Tanya took both his hands in hers. "I don't know," she said, "but I want to try."

*

Dimka had a big office in the Kremlin now. There was a large desk with two phones, a small conference table, and a couple of couches in front of a fireplace. On the wall was a full-size print of a famous Soviet painting, The Mobilization Against Yudenich at the Putilov Machine Factory.

His guest was Frederik Biro, a Hungarian government minister with progressive ideas. He was two or three years older than Dimka, but he looked scared as he sat on the couch and asked Dimka's secretary for a glass of water. "Am I here to be reprimanded?" he said with a forced smile.

"Why do you ask that?"

"I'm one of a group of men who think Hungarian Communism has become stuck in a rut. That's no secret."

"I have no intention of reprimanding you for that or anything else."

"I'm to be praised, then?"

"Not that either. I assume you and your friends will form the new Hungarian regime as soon as Janos Kadar dies or resigns, and I wish you luck, but I didn't ask you here to tell you that."

Biro put down his water without tasting it. "Now I'm really scared."

"Let me put you out of your misery.
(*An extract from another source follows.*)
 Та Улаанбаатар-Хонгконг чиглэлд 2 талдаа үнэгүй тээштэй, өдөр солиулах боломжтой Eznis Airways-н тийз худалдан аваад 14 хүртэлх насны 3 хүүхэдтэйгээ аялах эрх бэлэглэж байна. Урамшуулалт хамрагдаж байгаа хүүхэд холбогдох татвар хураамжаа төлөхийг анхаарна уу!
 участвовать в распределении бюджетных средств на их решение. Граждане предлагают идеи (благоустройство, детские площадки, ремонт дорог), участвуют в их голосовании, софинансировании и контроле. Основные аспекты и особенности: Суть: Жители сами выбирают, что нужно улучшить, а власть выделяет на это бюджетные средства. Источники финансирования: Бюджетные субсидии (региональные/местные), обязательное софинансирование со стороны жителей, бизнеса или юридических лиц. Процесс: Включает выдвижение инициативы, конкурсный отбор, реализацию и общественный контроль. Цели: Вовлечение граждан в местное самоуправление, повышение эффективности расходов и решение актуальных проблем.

Gorbachev's priority is to improve the Soviet economy by reducing military expenditure and producing more consumer goods."

"A fine plan," Biro said in a wary tone. "Many people would like to do the same in Hungary."
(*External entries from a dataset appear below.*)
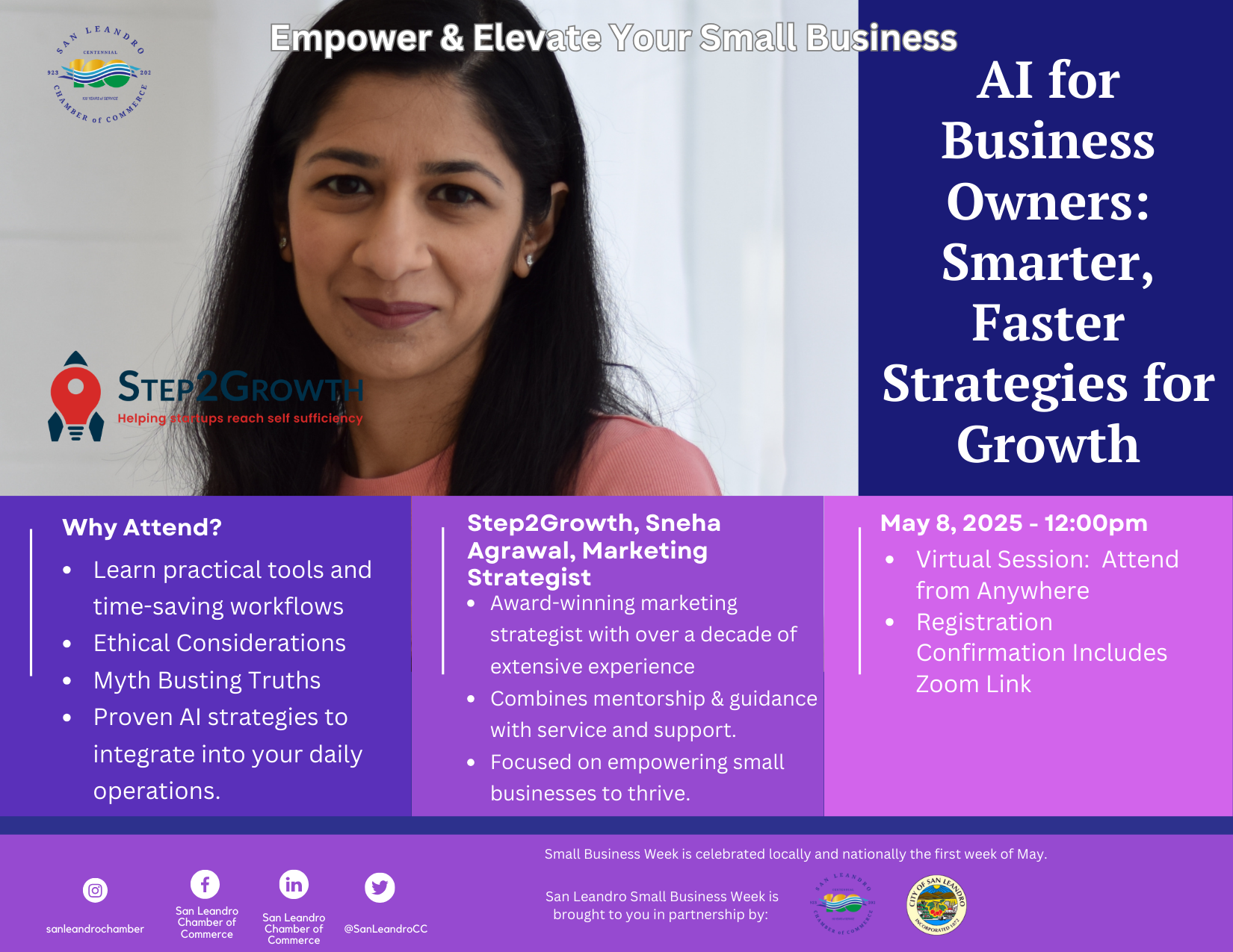 Why We Offer This Free Event:The SLCC is committed to empowering business owners with the tools, connections, and knowledge they need to thrive. The business community is vital to our city's economic health and innovation. By offering this week-long series of free workshops and networking opportunities, we aim to lower barriers to growth, foster collaboration, and invest in the long-term success of San Leandro’s diverse business landscape.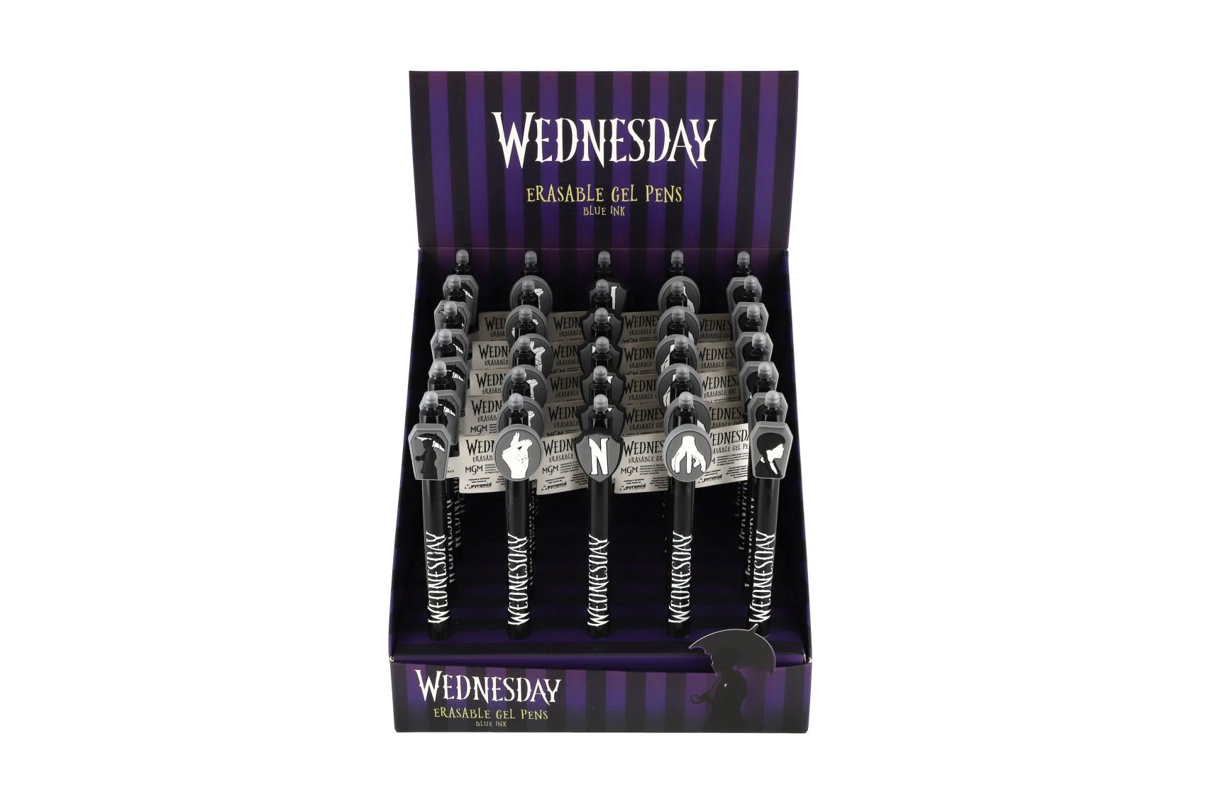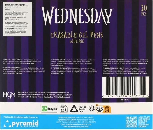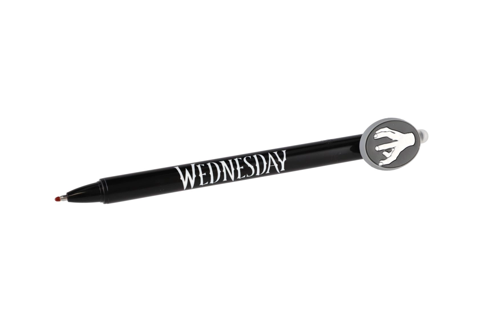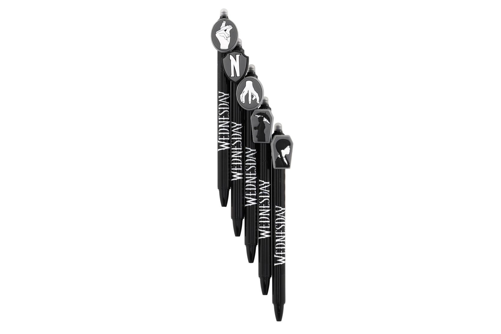 Odkrijte zabavno in praktično izbrisljivo gel pero z motivom Wednesday. Brez prečrtavanja – napake preprosto izbrišete s posebnim izbrisljivim koncem. Idealno za v šolo, za pisanje brez stresa in za vse oboževalce licence.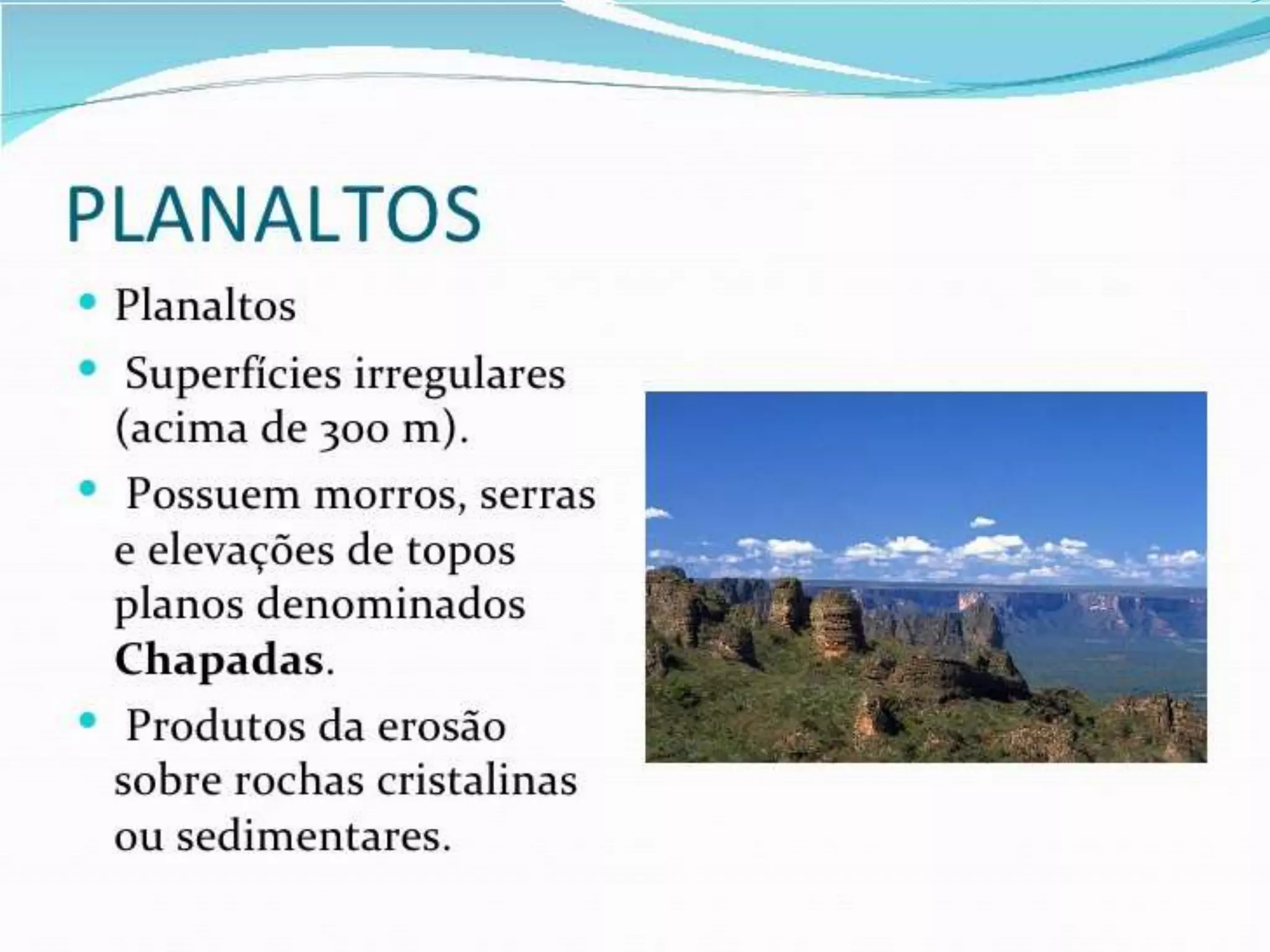 PLANALTOS, SERRAS, DEPRESSÕES E PLANÍCIE.

"Our only problem is that it isn't working. Or, to be exact, it isn't working fast enough, which comes to the same thing. The Soviet Union is bust, bankrupt, broke. The falling price of oil is the cause of the immediate crisis, but the long-term problem is the crippling underperformance of the planned economy. And it's too severe to be cured by canceling orders for missiles and making more blue jeans."

"What is the answer?"

"We're going to stop subsidizing you."

"Hungary?"

"All the East European states. You've never paid for your standard of living. We finance it, by selling you oil and other raw materials below market prices, and buying your crappy manufactures that no one else wants."
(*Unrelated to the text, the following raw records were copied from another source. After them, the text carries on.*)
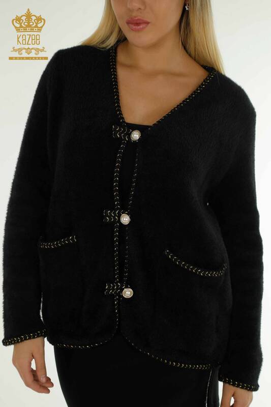 Toptan Kadın Angora Hırka İnci Düğmeli Cep Detaylı Siyah - 30264 | KAZEE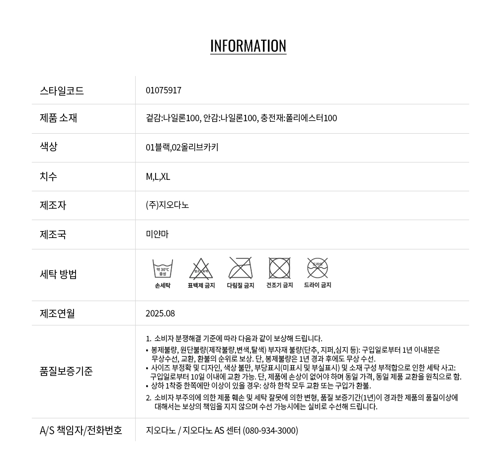 - 교환 진행시 배송비 5,000원 주문자 성함으로 입금 부탁드립니다(신한은행:267-05-028523 (주)지오다노)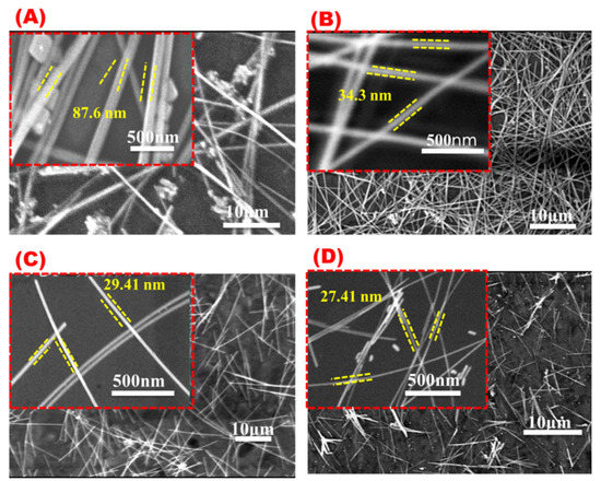 Figure 14 shows SEM images for AgNWs synthesized with different concentrations of potassium chloride. By increasing the amount of KCl, AgNWs not only become thinner but also shorter and more nanoparticles and debris will be obtained. Figure 15A,B summarizes the effects of potassium chloride concentration on the AgNWs’ morphologies. AgNWs’ average length reached a maximum length of about 55 microns at a KCl concentration of 2.6 mM, whereas the average length gradually decreased with the increase in KCl concentrations (Figure 14A). The diameters of AgNWs became thinner by increasing potassium chloride concentration, which is in agreement with the previous studies (Figure 15B) [57].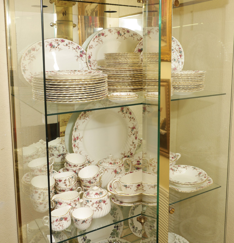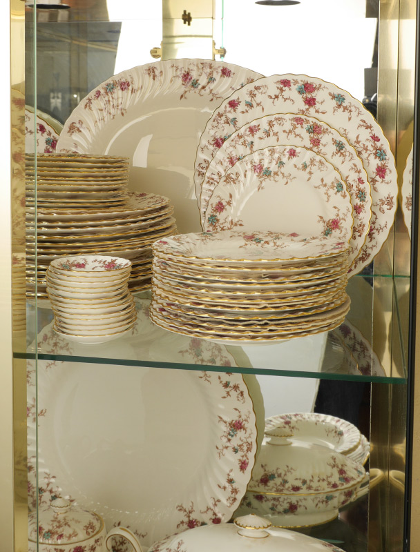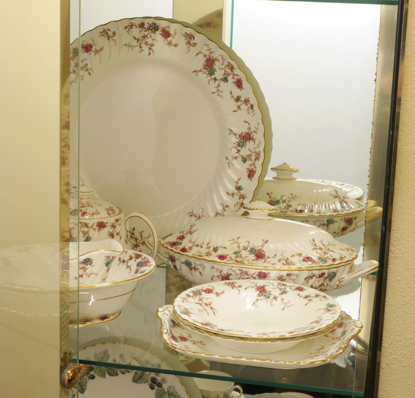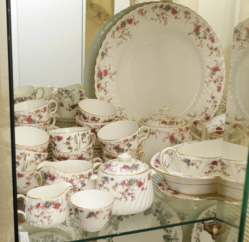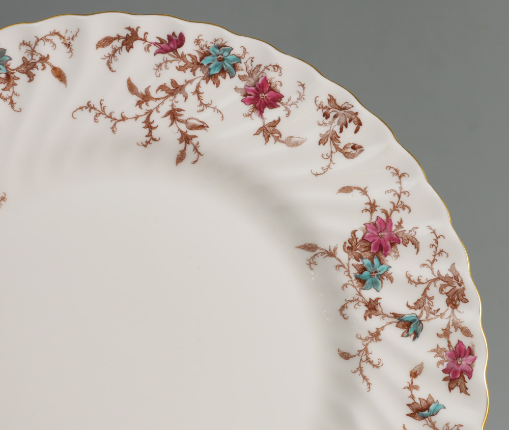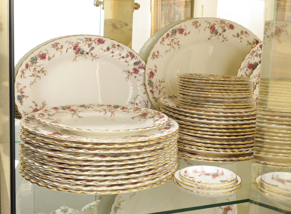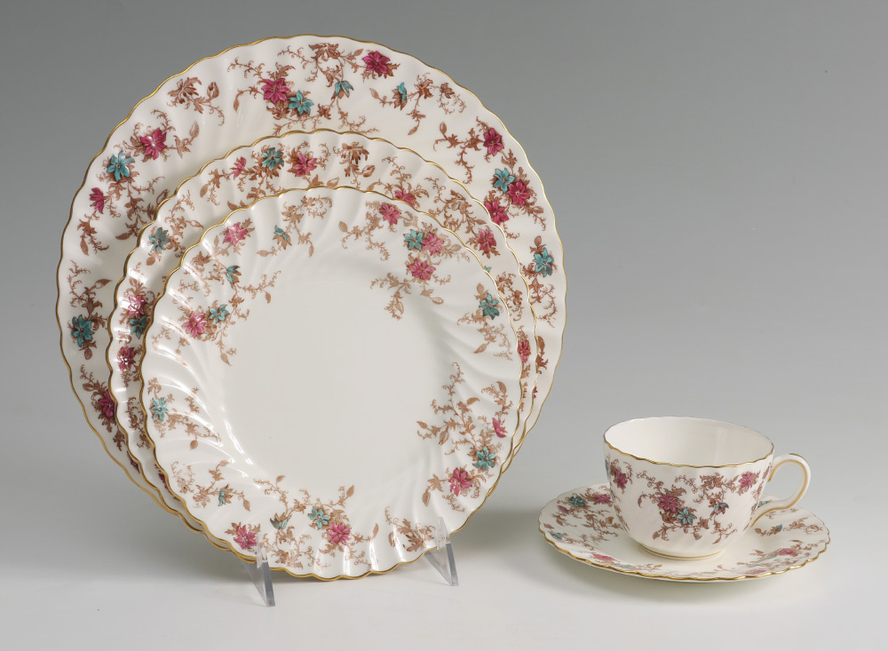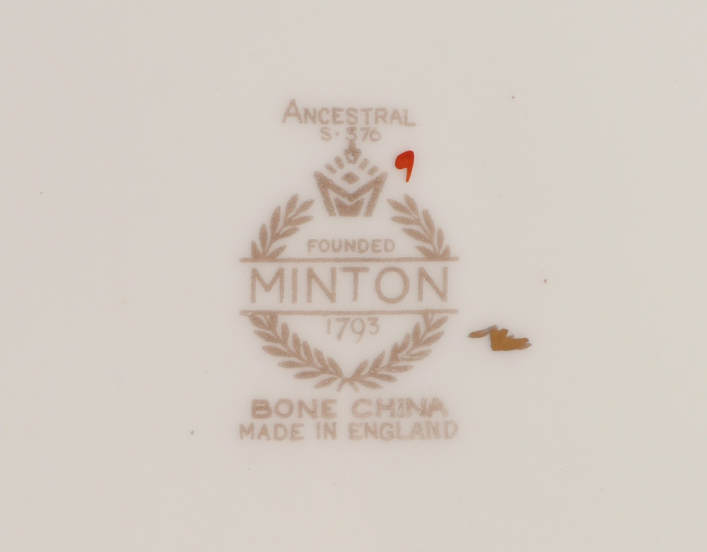 MINTON ANCESTRAL PATTERN CHINA DINNER SERVICE: Approx. 106 pieces in the Ancestral pattern by Minton to include 12 dinner plates (10 5/8''), 12 salad plates (7 7/8''), 14 luncheon plates, 11 bread plates, 2 soup bowls (7 7/8''), 13 jumbo tea cups, 14 saucers, oval covered vegetable, gravy boat with underplate, mini cream & sugar, regular cream (2 3/4'') & sugar (3 1/4''), teapot with lid (3 7/8'' h.), 13 butter pats, cake platter (10''), 2 oval serving platters (largest 15 1/4''), 2 open jams, 2 coasters (3 5/8''), open vegetable (10'').

"It's true, of course," Biro acknowledged. "But that's the only way to keep the population quiet and the Communist Party in power. If their standard of living falls, it won't be long before they start asking why they have to be Communists."

"I know."

"Then what are we supposed to do?"

Dimka shrugged deliberately. "That's not my problem, it's yours."

"It's our problem?" Biro said incredulously. "What the fuck are you talking about?"

"It means you have to find the solution."

"And what if the Kremlin doesn't like the solution we find?"

"It doesn't matter," Dimka said. "You're on your own now."

Biro was scornful. "Are you telling me that forty years of Soviet domination of Eastern Europe is coming to an end, and we are going to be independent countries?"

"Exactly."

Biro looked at Dimka long and hard. Then he said: "I don't believe you."

*

Tanya and Vasili went to the hospital to visit Tanya's aunt Zoya, the physicist. Zoya was seventy-four and had breast cancer. As the wife of a general, she had a private room. Visitors were allowed in two at a time, so Tanya and Vasili waited outside with other family members.